2024-01-21 Andrej Karpathy.Self-driving as a case study for AGI

Refer To：《Self-driving as a case study for AGI》。

Sparked by progress in Large Language Models (LLMs), there’s a lot of chatter recently about AGI, its timelines, and what it might look like. Some of it is hopeful and optimistic, but a lot of it is fearful and doomy, to put it mildly. Unfortunately, a lot of it is also very abstract, which causes people to speak past each other in circles. Therefore, I’m always on a lookout for concrete analogies and historical precedents that can help explore the topic in more grounded terms. In particular, when I am asked about what I think AGI will look like, I personally like to point to self-driving. In this post, I’d like to explain why. Let’s start with one common definition of AGI:

受大型语言模型（LLM）进展的推动，最近关于AGI（通用人工智能）、其时间表以及可能形态的讨论此起彼伏。其中一些充满希望和乐观，但也有大量内容带着恐惧和末日情绪。遗憾的是，许多讨论也非常抽象，导致人们兜圈子、互相错过要点。因此，我总是在寻找能让我们以更接地气方式探讨这一主题的具体类比和历史先例。尤其是当别人问我认为AGI会是什么样时，我个人喜欢拿自动驾驶来举例。本文中，我想解释为什么。让我们先从一个常见的AGI定义开始：

AGI: An autonomous system that surpasses human capabilities in the majority of economically valuable work.

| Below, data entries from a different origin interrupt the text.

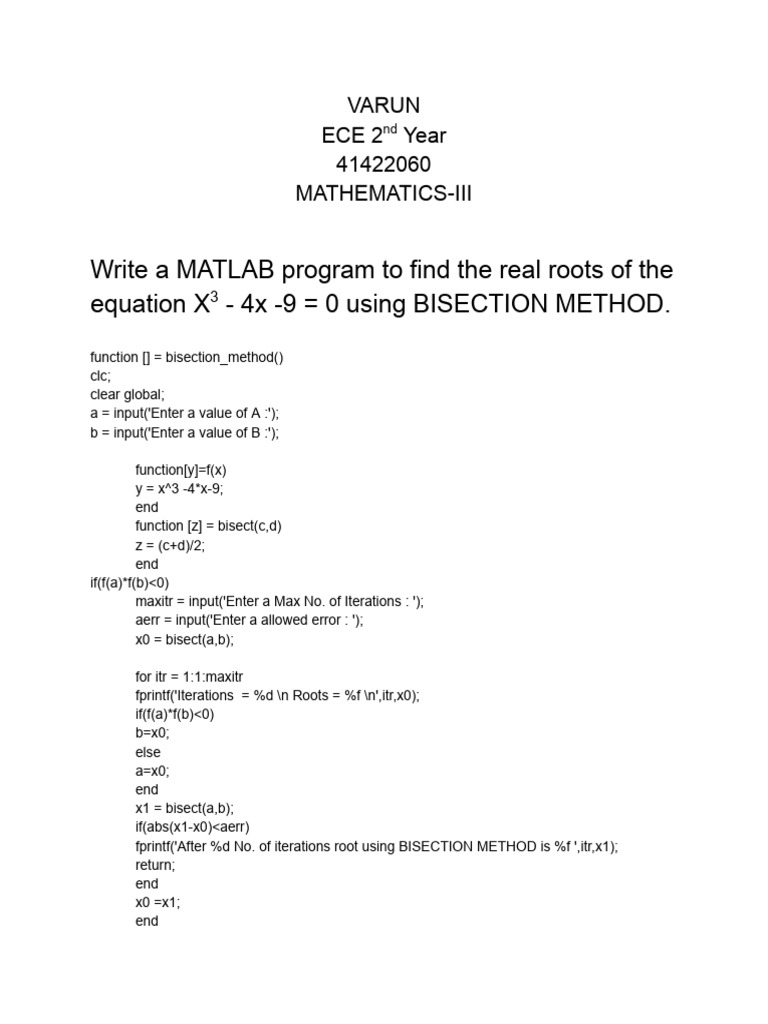 Write A MATLAB Program To Find A Real Roots of The Equation X3 - 4x - 9 ...
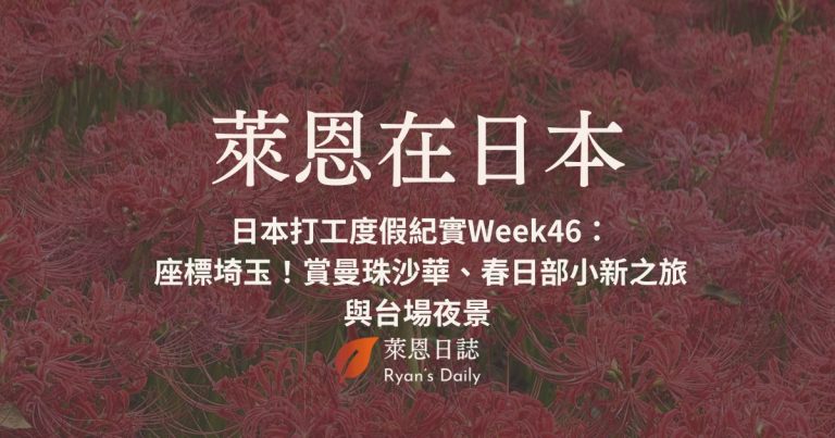 萊恩在日本 S5E46:日本打工度假紀實Week46:座標埼玉!賞曼珠沙華、春日部小新之旅與台場夜景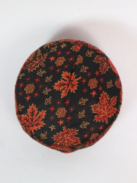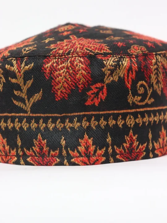 This black traditional kani cap sized 21 inches and available at 1149 rs offers classic chinar patterns and a purposeful fit. This kani cap has a calm Kashmiri presence and suits both formal prayer settings and everyday headwear needs.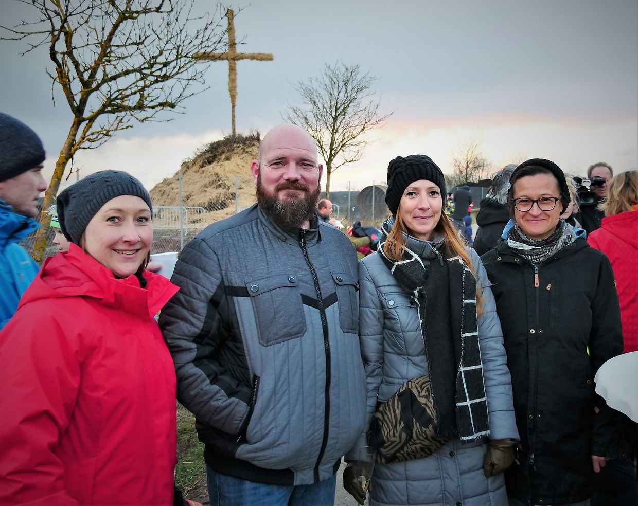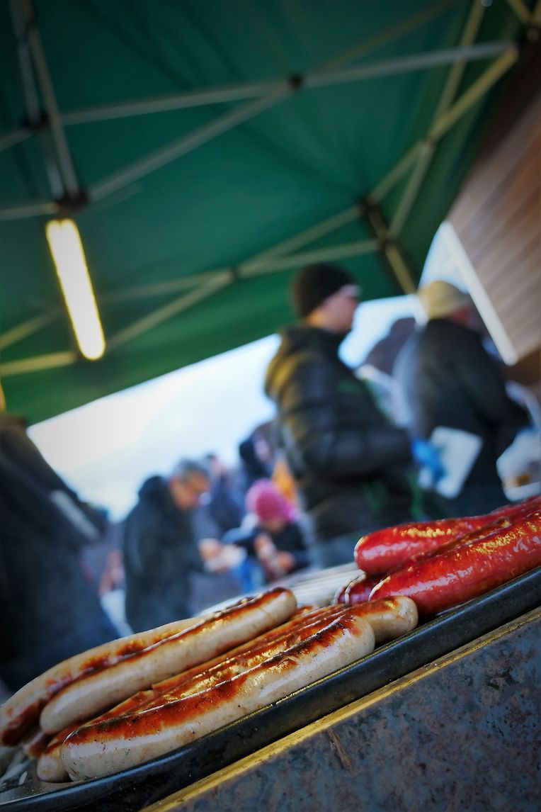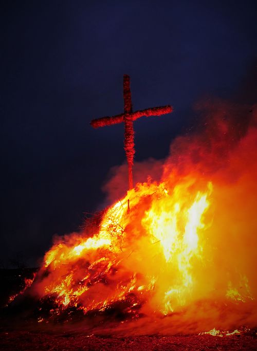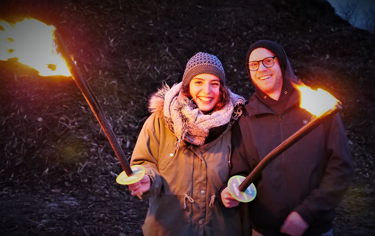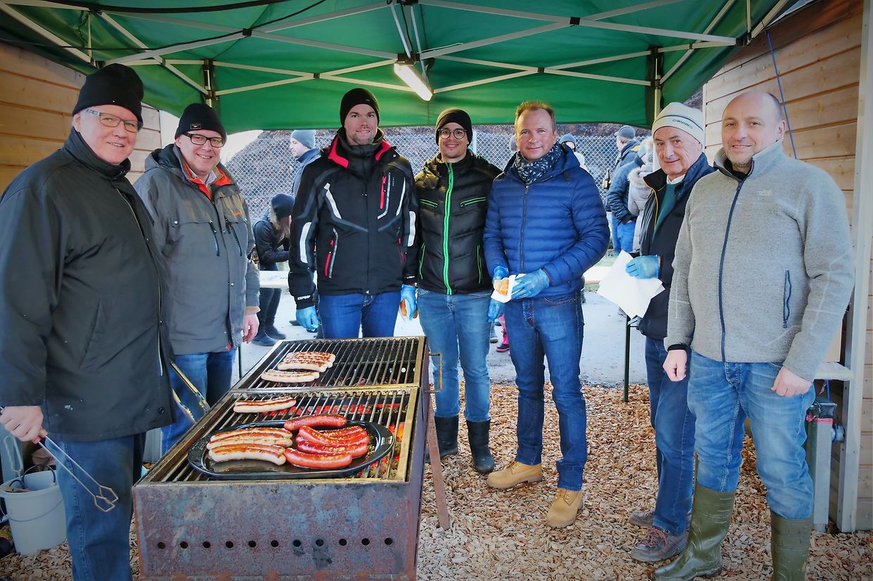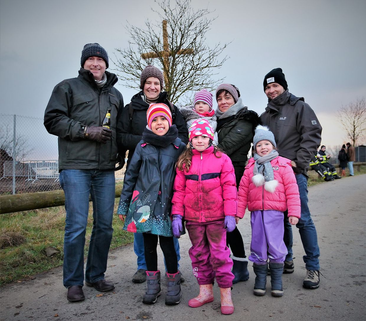 Eine Woche später sah es anfangs nicht viel besser aus, doch knapp zwei Stunden vor Beginn, riss die Wolkendecke auf und ließ einen strahlend blauen Himmel zum Vorschein. Die Schaulustigen vertrieben sich mit ein paar "Kippchen", "Humpen" und Grillwürste die Zeit ehe es gegen 19 Uhr und mit Anbruch der Dunkelheit ans Eingemachte ging: dem frisch verheirateten Paar Charlotte und Pit Brucher galt die Ehre, die "Buerg" zu entfachen. Alsbald loderte die Konstruktion lichterloh, sehr zum Vergnügen der anwesenden Kinder. Aufgehellt vom warmen Licht des Feuers ließen die Besucher den Abend mit einer wärmenden Erbsensuppe und einem letzten Drink ausklingen.

AGI：一种在大多数具有经济价值的工作中超越人类能力的自主系统。

Note that there are two specific requirements in this definition. First, it is a system that has full autonomy, i.e. it operates on its own with very little to no human supervision. Second, it operates autonomously across the majority of economically valuable work. To make this part concrete, I personally like to refer to U.S. Bureau of labor statistics index of occupations. A system that has both of these properties we would call an AGI.

请注意，此定义中有两个具体要求。第一，它必须是一个完全自主的系统，也就是说它几乎无需人类监督即可自行运行。第二，它在大多数具有经济价值的工作中能够自主运作。为了让这一点更具体，我个人喜欢参考美国劳工统计局的职业指数。满足这两个特性的系统，我们就称之为AGI。

经济价值本身是模糊的，如果服务的人不具备经济价值。

What I would like to suggest in this post is that recent developments in our ability to automate driving is a very good early case study of the societal dynamics of increasing automation, and by extension what AGI in general will look and feel like. I think this is because of a few features of this space that loosely just say that “it is a big deal”: Self-driving is very accessible and visible to society (cars with no drivers on the streets!), it is a large part of the economy by size, it presently employs a large human workforce (e.g. think Uber/Lyft drivers), and driving is a sufficiently difficult problem to automate, but automate it we did (ahead of many other sectors of the economy), and society has noticed and is responding to it. There are of course other industries that have also been dramatically automated, but either I am personally less familiar with them, or they fall short of some of the properties above.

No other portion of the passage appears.